The railway, projected to span over 530 kilometers, will connect the copper-rich Chingola region in Zambia to Angola’s Benguela line at Luacano. The corridor is expected to become a major export route for copper and agricultural produce, enhancing regional trade.
Speaking on the sidelines of the U.S.-Africa summit in Luanda, Tayali expressed confidence in the multinational project, citing growing support from the United States, the European Union, and neighboring countries.
“We have the Africa Finance Corporation leading the development and currently addressing financial structuring,” Tayali said. “This project is significant, with strong potential to improve food security and transform arid land into productive agricultural zones.”
Angola’s Minister of State for Economic Coordination, José Massano, emphasized the government’s commitment to facilitating investment through private sector partnerships while making clear that no direct public funding would be provided. Negotiations have focused on refining clauses within the concession agreement, particularly those related to guarantees sought by potential financiers.
“Some adjustments may be made to help align the interests of operators and financial institutions,” Massano stated. “These discussions require time, but our resolve to see the project through remains firm.”
Massano also confirmed that Angola is moving forward with a $500 million funding package from the World Bank, with the goal of meeting the necessary conditions by the end of the year.
Turning to the national budget, Massano addressed the implications of oil price volatility. On Monday, he noted that prices above $70 per barrel—used in Angola’s 2025 budget projections—had offered short-term fiscal relief and supported the rollout of development programs.

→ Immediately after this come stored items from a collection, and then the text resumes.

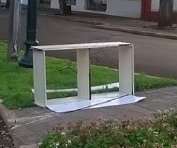 Cena 1: o canteiro central da av. Manoel Mendes de Camargo, esquina com a rua Mato Grosso, serve de depósito para o que restou de um móvel de escritório. Cena2: a calçada da av. Capitão Índio Bandeira, entre as ruas São Paulo e Harrison José Borges, recebe de "enfeite" uma mesa de escritório caindo aos pedaços. As duas fotos foram feitas na manhã desta segunda-feira.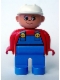 Duplo Figure, Male, Blue Legs, Red Top with Blue Overalls, Construction Hat White, Turned Up Nose
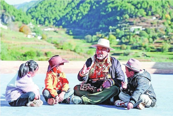 藏族爷爷给儿童讲民族团结的故事 胡妤雅/摄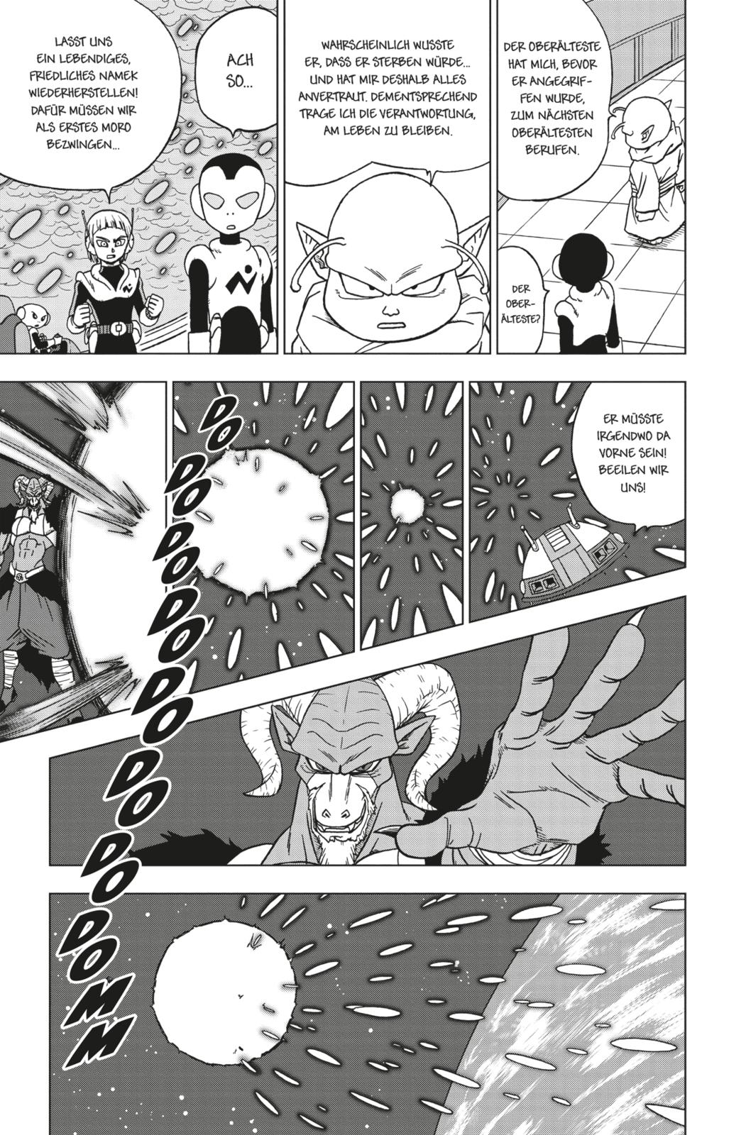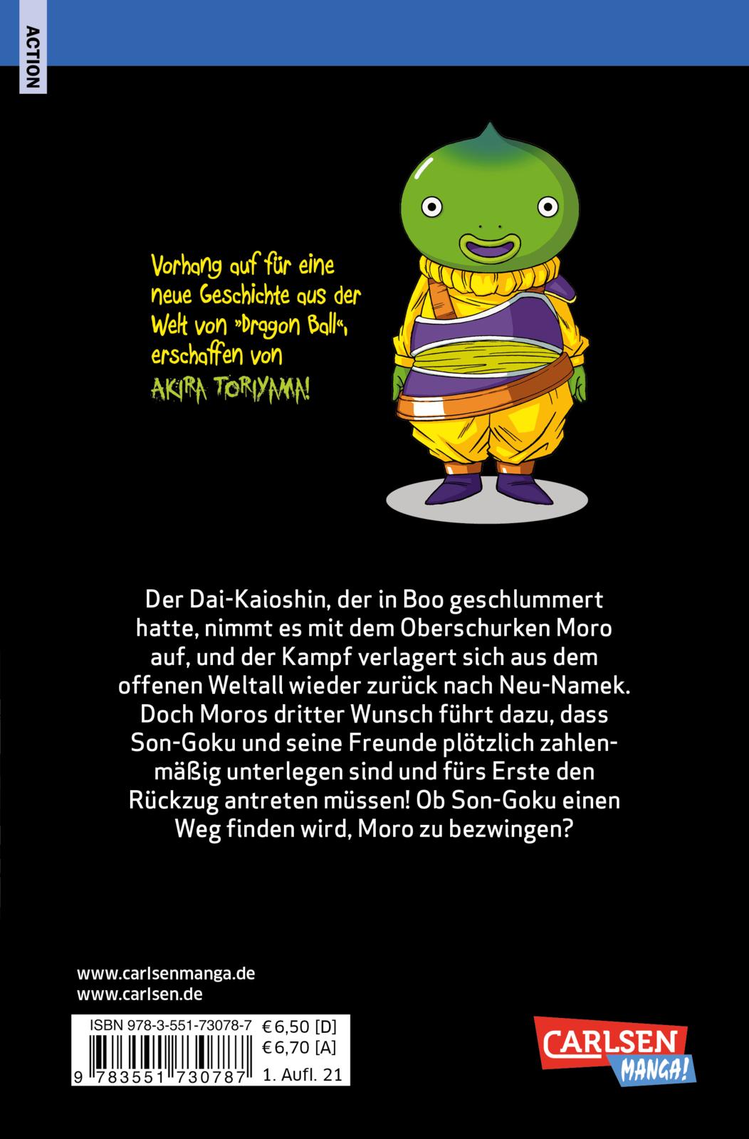 Der Dai-Kaioshin, der in Boo geschlummert hatte, nimmt es mit dem Oberschurken Moro auf, und der Kampf verlagert sich aus dem offenen Weltall wieder zurück nach Neu-Namek. Doch Moros dritter Wunsch führt dazu, dass Son-Goku und seine Freunde plötzlich zahlenmäßig unterlegen sind und fürs Erste den Rückzug antreten müssen! Ob Son-Goku einen Weg finden wird, Moro zu bezwingen?

However, by Tuesday, oil prices had fallen sharply. The drop followed an announcement that Israel had agreed to a ceasefire plan proposed by U.S. President Donald Trump, easing fears of supply disruptions in the Middle East. Brent crude fell by $2.48, or 3.5%, to $69 a barrel, while U.S. West Texas Intermediate dropped $2.37, also 3.5%, to $66.14 by 0927 GMT.
Asked about the possibility of seeking IMF assistance, Massano said Angola remains open to working with international financial institutions if the need arises to further stabilize public finances.